# Is this cherry?



## ndelo (Apr 1, 2020)

I was looking to replenish my smoking wood via craiglist and came across someone selling maple. Ordered a cord, and what was delivered looks like cherry to me (not going to complain if it is, its what I was actually hoping to find).

Opinions? Maple? Cherry?


----------



## mike243 (Apr 1, 2020)

1 split that the bark hasn't rotted off looks like maple, hard to see it close up. we have wild cherry here in Tn that the fruits not eatable and I wouldn't ever use the wood from it to smoke with as it has a lot of sticky sap in it, not sure what real cherry wood splits look like grain wise.


----------



## phathead69 (Apr 1, 2020)

I'm in east tn and use wild cherry all the time for a mild smoke flavor. Split, season, use.


----------



## kmmamm (Apr 1, 2020)

I am thinking he gave you exactly what you paid for.  You will know for sure the first time you use it on some poultry.  We use wild cherry up here a lot.  The palatability of wild fruit has nothing to do with the quality of smoke its properly cured  wood produces.


----------



## ndelo (Apr 1, 2020)

Thanks for the replies.

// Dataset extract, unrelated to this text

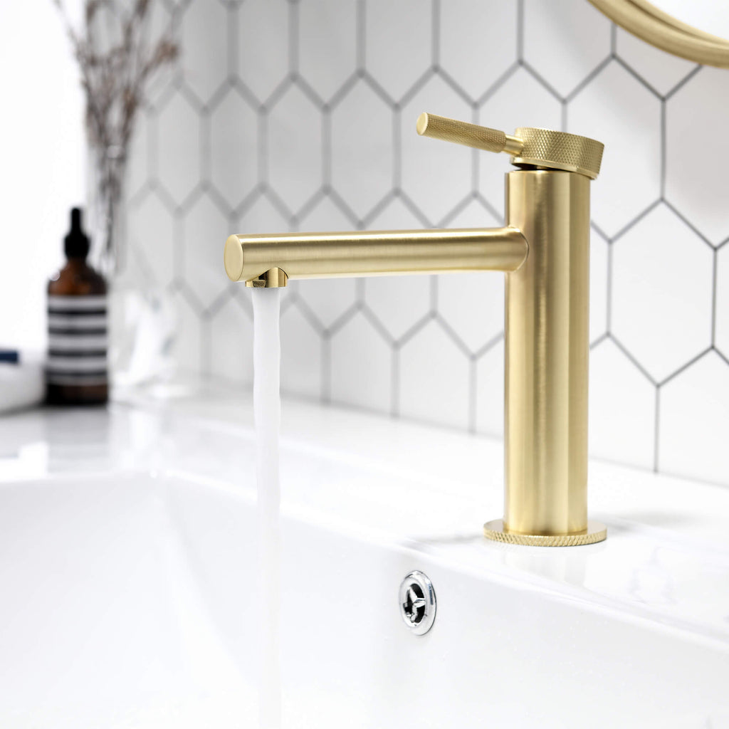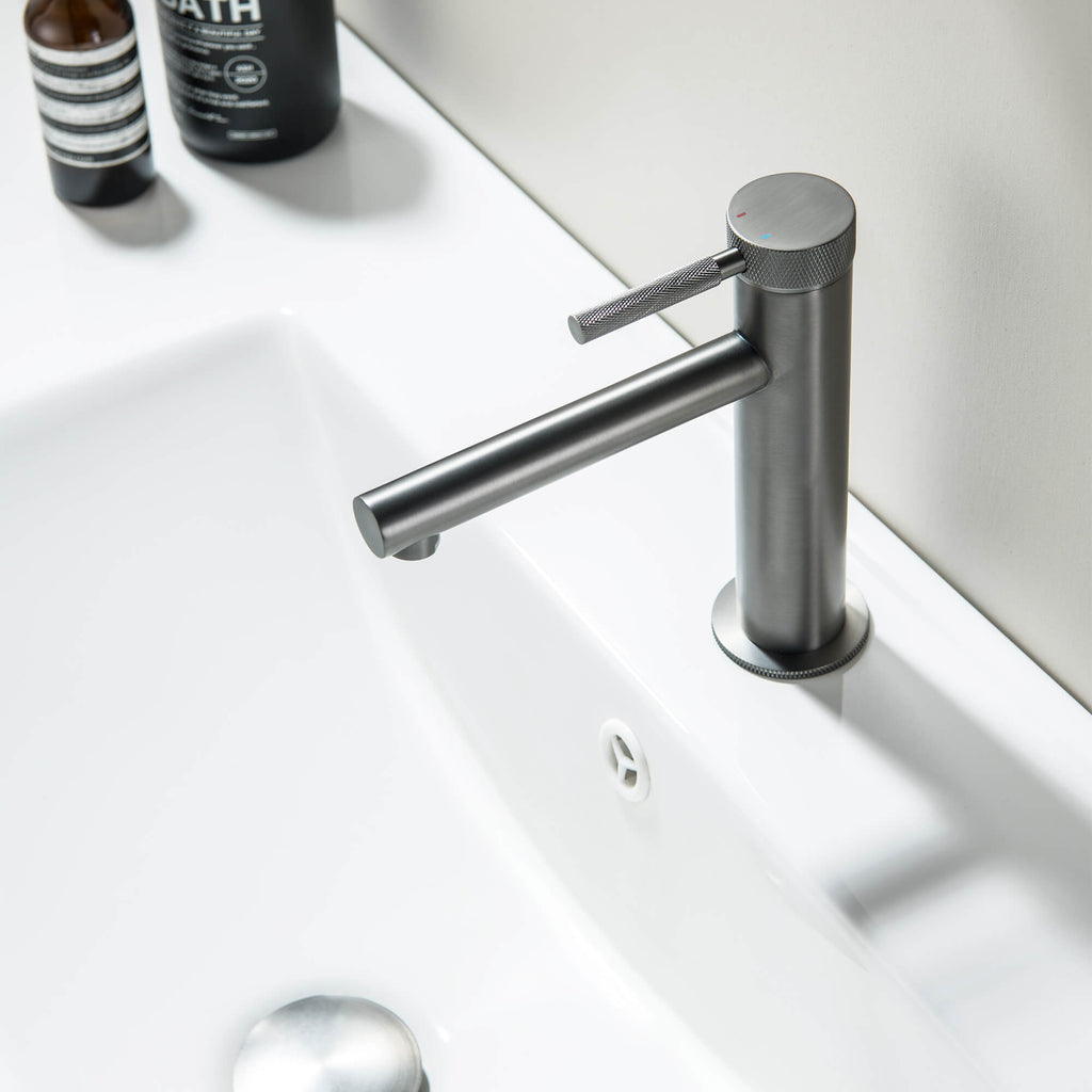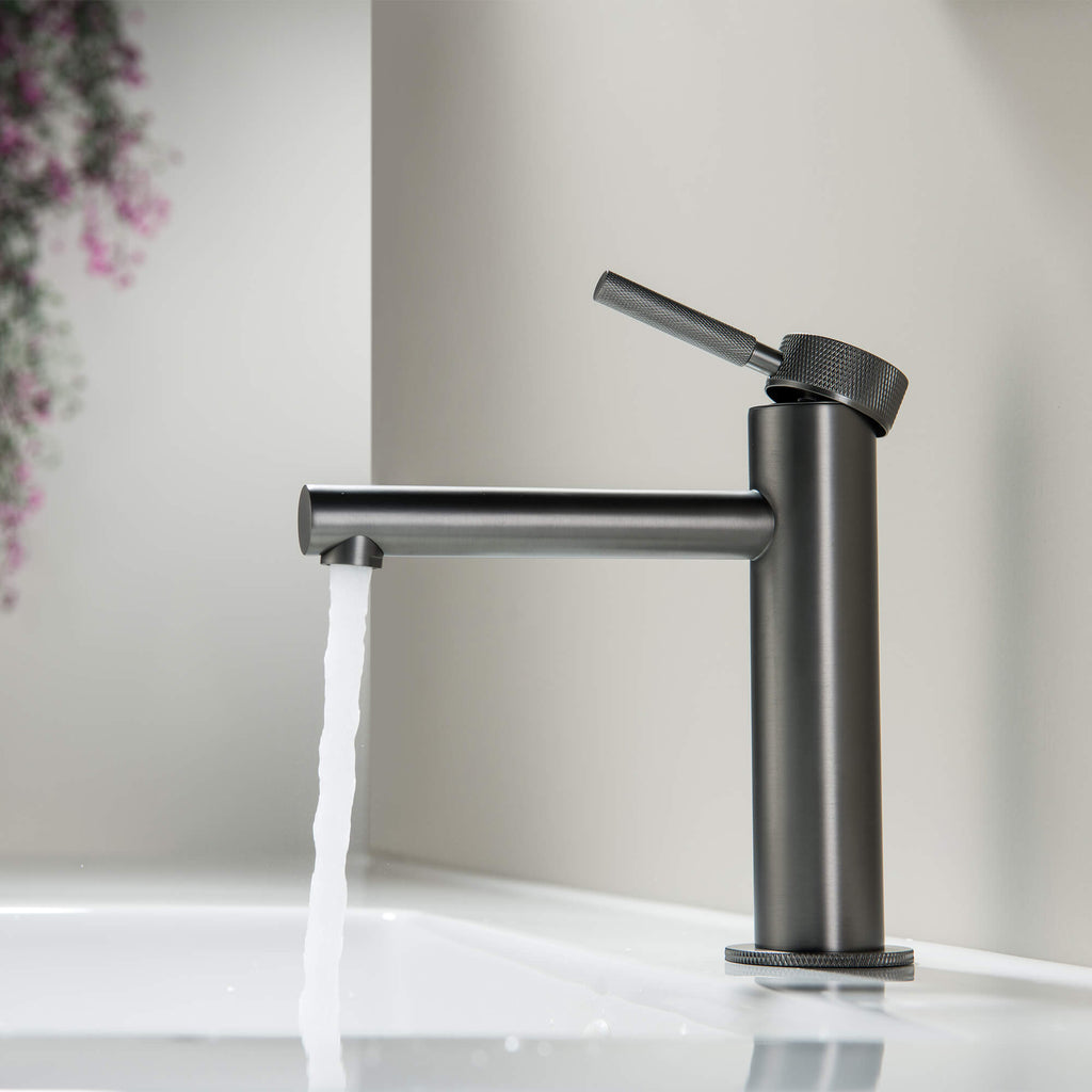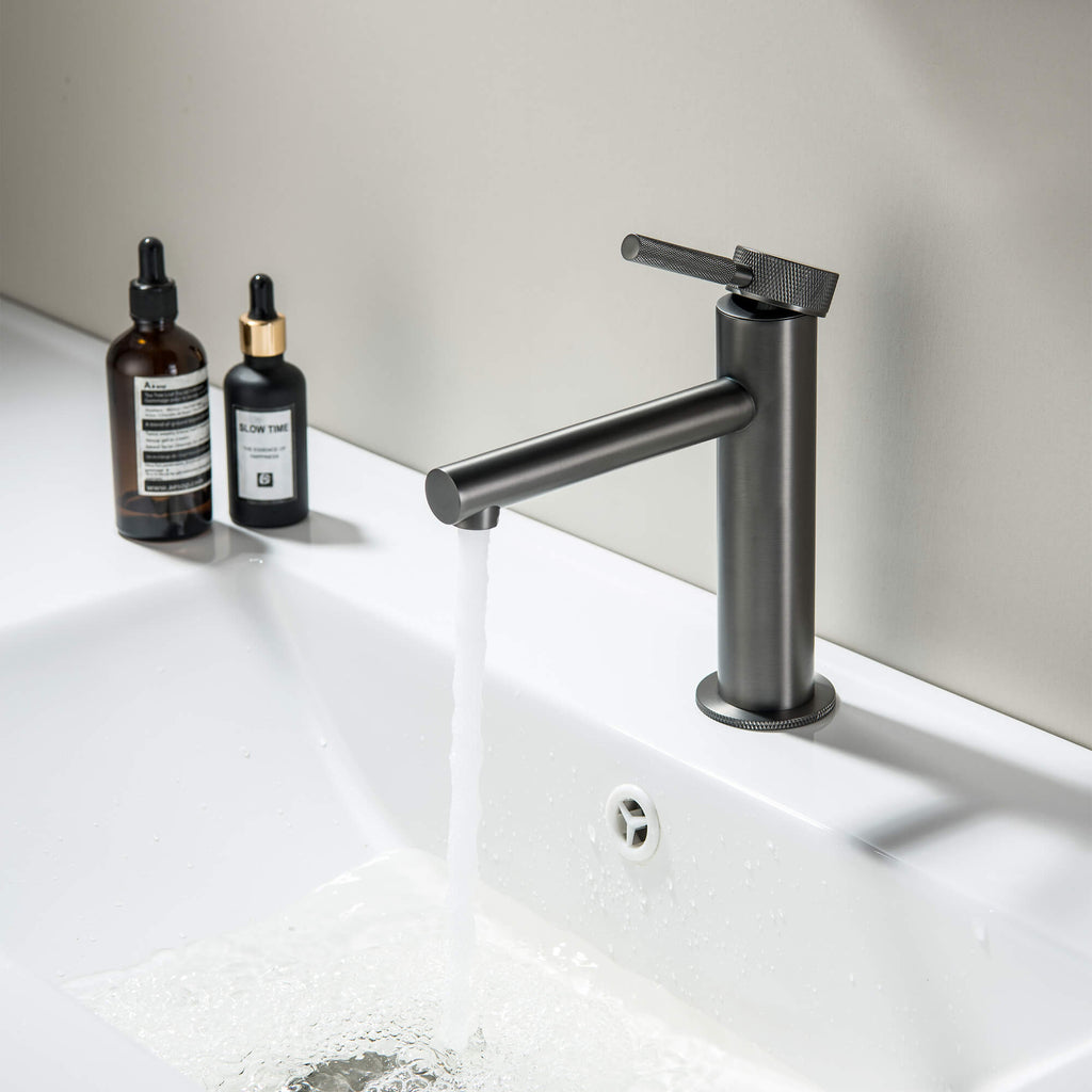 Modern Brass Bathroom Faucet Single-Hole Basin Mixer Tap with Knurled Handle

I've used red oak, apple and cherry in the past (I use whatever I find on CL at the moment I need to replenish).  So this season, Maple it is!


----------



## JWFokker (Apr 4, 2020)

It does look like cherry but it would be easier to tell from a close up of an intact piece with bark on it


----------



## ndelo (Apr 5, 2020)

I burned some of it yesterday in a firepit with family. Didn't smell like the cherry I have used in the past.  Unfortunately, no bark. I'm not familiar with the smell of maple, but I'm going to assume that's what it is.


----------